The following excerpt from London’s Triumph, published Dec 5, looks at the Elizabethan understanding of usury seen through Shakespeare’s The Merchant of Venice and the characters of Shylock and Antonio.
Alford is professor of early modern British history at the University of Leeds and the author of The Watchers: A Secret History of the Reign of Elizabeth I. He taught for 15 years at Cambridge University, where he was a senior lecturer in the faculty of history and a fellow of King’s College.
“Usury was not for Elizabethans a pretty word or notion. It was also a complicated one.

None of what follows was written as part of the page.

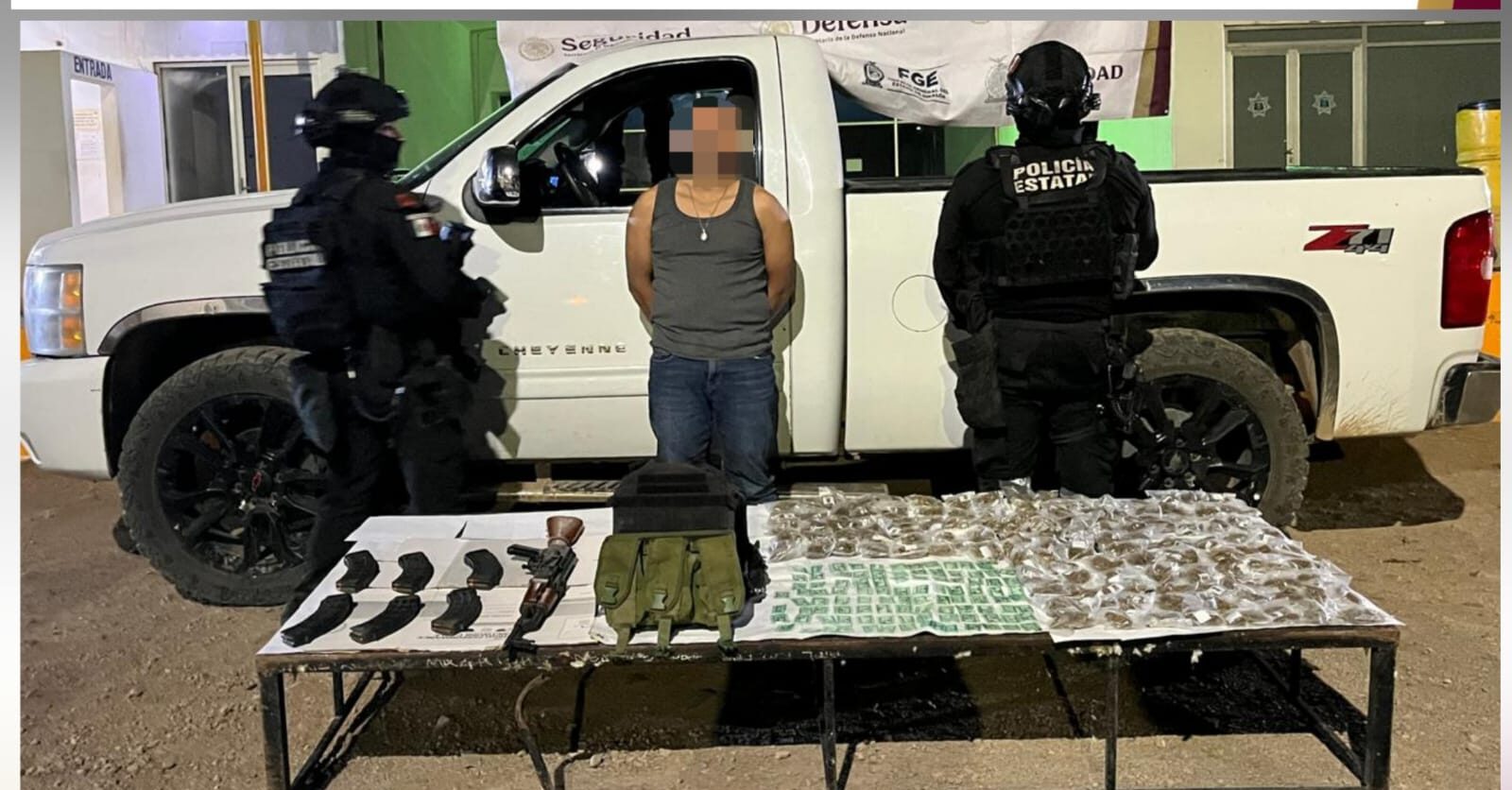 Los elementos del GOES perteneciente a la Policía Estatal Preventiva, realizaban recorridos de vigilancia terrestre en el poblado de Cacalotán, cuando observaron al individuo que bajó de una camioneta portando un chaleco táctico y un fusil de asalto, por lo que le marcaron el alto.

Though lending out one’s money for one’s own financial return was very difficult not to class as usury, it was still a tricky thing to define precisely – in part because so many inventive minds and ingenious practitioners had spent centuries trying to get round it, finding loopholes in the law. The nearest we have to a dictionary definition of usury as Elizabethans understood it is by Dr Thomas Wilson, writing in 1572, a year after the law in England was relaxed to allow for an increase of interest up to 10 per cent: ‘usury is committed only where lending and borrowing is, and that when any overplus or excess is taken over and above the principal that was lent, for the very respect only of lending, and in consideration of forbearing money for time’. The ‘principal’ was the capital sum lent and the ‘overplus or excess’ the interest charged for the loan of it. But was all interest usury, as Wilson seemed to be suggesting, or was it really just excessive interest? Did it extend to more than money? Wrestled with for centuries, questions like these (and many more too) occupied anxious Elizabethans.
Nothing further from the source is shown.